Another often repeated but ridiculous claim is the amount of money that is spent on each medical student by the government. I often wonder how they arrive at that figure which different people claim to be between Rs 30 lakh and Rs 1 crore. I presume it is by dividing the total amount spent on staff salaries and patient care by the number of medical students admitted every year. Providing tertiary level of free patient care to the poor and underprivileged is the responsibility of any tax collecting government.
Tertiary level hospitals such as those set up at Vizag, Guntur, Vijayawada, Kakinada, Tirupati, Kurnool, Hyderabad and Warangal, are essentially referral centres for patients requiring advanced care in primary health centres, taluk and district hospitals. No wonder these tertiary referral hospitals require a large staff, considerable bed strength, advanced and expensive diagnostic and therapeutic facilities to cater to patient care, irrespective of whether medical college and medical students are present or not.
To attribute all this fundamental expenditure to medical education is bizarre indeed. Moreover, medical students in government medical colleges are selected through a tough, stressful and exhausting selection procedure that is open to all and not as per the whims and fancies of anybody to comment, “You are studying with public money. So you have to keep mum.” It will be as outlandish and outrageous as a rich taxpayer asking a poor non tax payer to work for him free as he is paying tax for the latter’s subsidies!
With regard to the controversial ‘compulsory one year rural service’, the government and junior doctors have their own points of view which address genuine concerns from each side.
From the government’s perspective, compulsory rural service will ensure that a trained medical student is less likely to abscond from duties in rural areas as he or she will be bound by the requirement to complete that period in order to obtain the degree. Moreover, it will be cheaper labour compared to posting permanent doctors, no less an important consideration for the government.
From the perspective of junior doctors, they consider that rural service will an academic suicide for them in a very crucial phase of their career – they will not be able to render the best therapeutic services that they have learnt from their text books and teachers in an atmosphere of inadequate diagnostic facilities and limited availability of medicines.
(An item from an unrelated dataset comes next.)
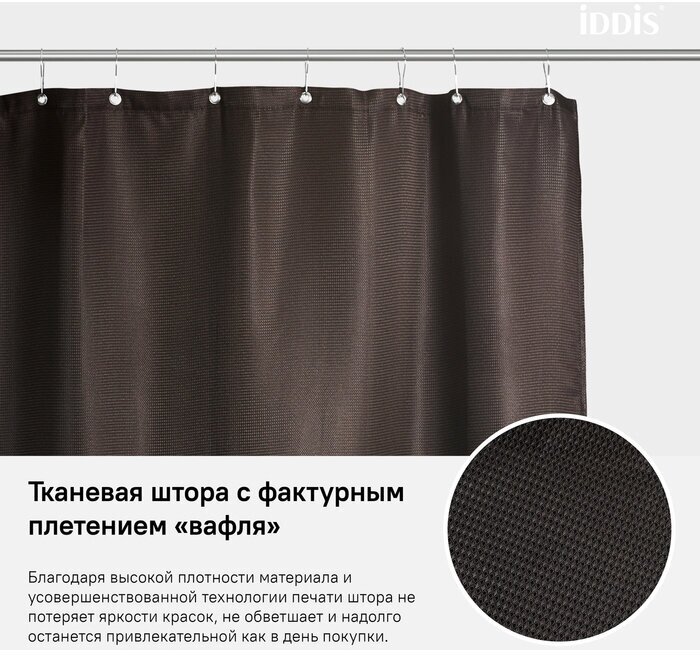 Текстильная штора из линейки Decor темно-шоколадного оттенка поддерживает современный тренд на натуральность в интерьере. Модель изготовлена из 100% износостойкого полиэстера с водоотталкивающей пропиткой – при попадании на ткань вода не впитывается, а скатывается с нее каплями. Тканевая штора с фактурным рисунком «вафля» смотрится невероятно свежо и актуально. ● Прочные хромированные люверсы (12 шт.) эффектно завершают облик изделия. С течением времени они не деформируются, не будут ржаветь сами или оставлять ржавых разводов на ткани. ● Уход за шторой для ванной IDDIS® прост и необременителен. Изделие можно стирать в стиральной машине как обычный домашний текстиль, оно не требует глажки – достаточно после стирки просто повесить его на карниз. ● Благодаря высокой плотности материала и усовершенствованной технологии печати штора IDDIS® не потеряет яркости красок, не обветшает и надолго останется привлекательной как в день покупки. ● Гарантия на текстильные аксессуары IDDIS® – 1 год.
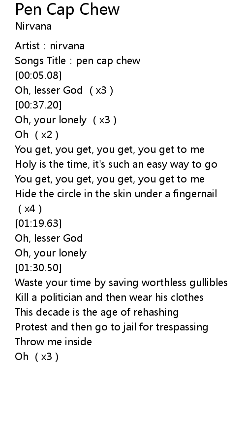 | [00:02.83] | Songs Title: pen cap chew |

Rural service will also hamper their preparation for entrance exams for higher studies, which will be another mind wrenching, extremely stressful effort for them.
Comparing themselves to their engineering counterparts who finish their studies much earlier, getting jobs in cities or overseas and earning much more at an earlier age is inevitable and adds to the pain. On the other side of the coin, the junior doctors will have the opportunity to work in rural India and learn new and wise things in life from their interactions with people and local politicians. Some leaders of the JUDA have spoken on TV that they are willing to work in rural areas if they are posted on permanent basis.
Withholding the issue of degree certificates until the completion of rural service is a concern for the junior doctors who claim that it is under purview of the Medical Council of India (MCI) and not the State government.
Junior doctors need to be viewed as medical students- intelligent but stressed out (from their academic curriculum), young but unexposed to the society and so impatient and instinctive. Their genuine concerns need to be addressed before the government takes a final decision.